Шоколадные глаза, плавленое золото пополам с темным шоколадом. Шоколадные щеки, бархатные, если провести ладонью. Темные губы, как будто она только и делала, что ела вишни, спелые испанские вишни из большой деревянной миски. Темные волосы, шелковые, если провести ладонью.
Ужас. Кошмар. Катастрофа.
Константинов поцеловал все поочередно. Щеки, губы, волосы, глаза. И опять поцеловал, и потом еще раз, и потом уже не мог остановиться, и не стал останавливаться, и то, что он пришел из ванной голым, значительно все упрощало, хоть он и не собирался, и не был настроен, и в такси ему приснился давний и стыдный сон, и в Петербурге случилось что-то совсем непонятное, и Любанова несколько раз звонила, а он так ни разу и не ответил ей, и все это вместе требовало ясной головы и немедленного включения себя в розетку.
Ну и что? Какое это имеет значение?!
Почти ничего не имеет значения, когда рядом его мулатка, по которой он так соскучился за полтора дня, о которой мечтал, засыпая в поезде, и просыпался, плохо соображая, где он, что с ним и почему ее нет рядом!

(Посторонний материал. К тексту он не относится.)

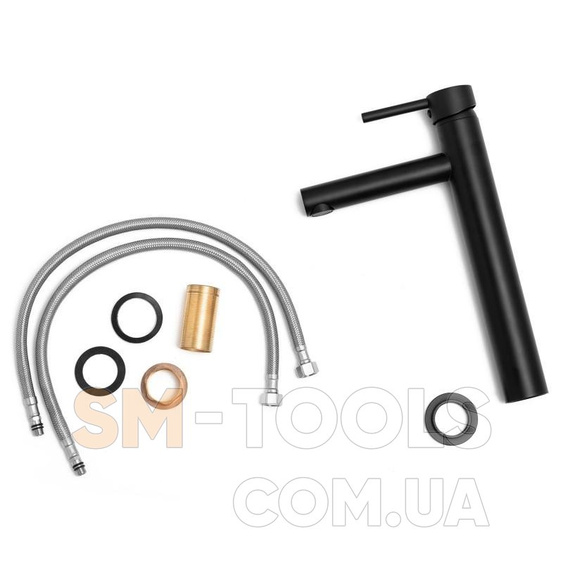 Неоспоримым преимуществом - является очень длинный излив со встроенным аэратором, который позволит вам экономить до 40% воды. Керамический картридж, диаметром 25 мм гарантирует комфортную работу устройства и позволит эффективно использовать смеситель. В комплект входят 2 высококачественных шланга из нержавеющей стали длиной 50 см со стандартным соединением 3/8 дюйма и набор аксессуаров для крепления. Дизайн смесителя соответствует последним тенденциям – он выглядит очень элегантно и прекрасно вписывается в современную ванную комнату.Характеристики Смеситель для раковины (умывальника) Yoka HOST 36 BLACK черний высокий

Торжественный солнечный свет, как в актовом школьном зале, заливал кухню, и было очень тихо в старом сталинском доме с толстыми глухими стенами, и только свое дыхание слышал Константинов, свое и мулатки, которая по непонятной причине в данный момент принадлежала лично ему, только ему и больше никому.
Они спали вместе уже больше года, и, словно попавший в зависимость, Константинов с каждым разом хотел ее все больше и больше. Теперь он совершенно точно знал, что привычка, убивающая влечение, – вранье.
Нет никакой привычки.
Он ничего не знал о женщине, которая оказалась рядом с ним, в самый первый раз. Не знал, и от незнания, торопливости, горячки все время путался, ошибался, пыжился и старался. Теперь, спустя время, кое-что он уже знал о ней, но все еще так мало, мало!.. Это знание как будто давало ему шанс все «сделать правильно» – так, чтобы дыхание останавливалось!.. Оно и останавливалось.
А когда возобновлялось, он успокаивался и получал короткую передышку, иногда всего на несколько часов, до вечера, чтобы вечерам опять все началось сначала!..
Кухонный стол, прочный, солидный, деревянный кухонный стол, поехал по плитке пола и остановился, упершись в плиту, когда Константинов пристроил на него свою мулатку, и что-то задребезжало в недрах этой самой плиты, когда он стал двигаться, и, кажется, что-то откуда-то упало, но ему было наплевать на все. Он видел перед собой, очень близко, кожу, как будто чуть побледневшую под шоколадной смуглостью, и губы цвета спелой испанской вишни и понимал только одно – она принадлежит ему.
Вот сейчас, вот в это мгновение, в этой точке времени и пространства, на кухне, залитой майским солнцем. Она моя, моя, моя, я захватил и поработил ее, я ее единственный слуга и хозяин, и каждое движение приближает меня к победе над миром. Только я, только она, только сейчас, сейчас, сейчас!.. Все исчезнет и перевернется, и останемся только я и она, и еще этот свет, которого так много, и больше – нельзя, нельзя, нельзя!..
И в этот момент все рухнуло и обвалилось.
Какое-то время грохотало, рвалось и сыпалось, а потом Константинов вдруг начал осознавать себя – среди собственной кухни, странно видоизменившейся за несколько секунд, и со своей мулаткой, которая улыбалась ему в лицо.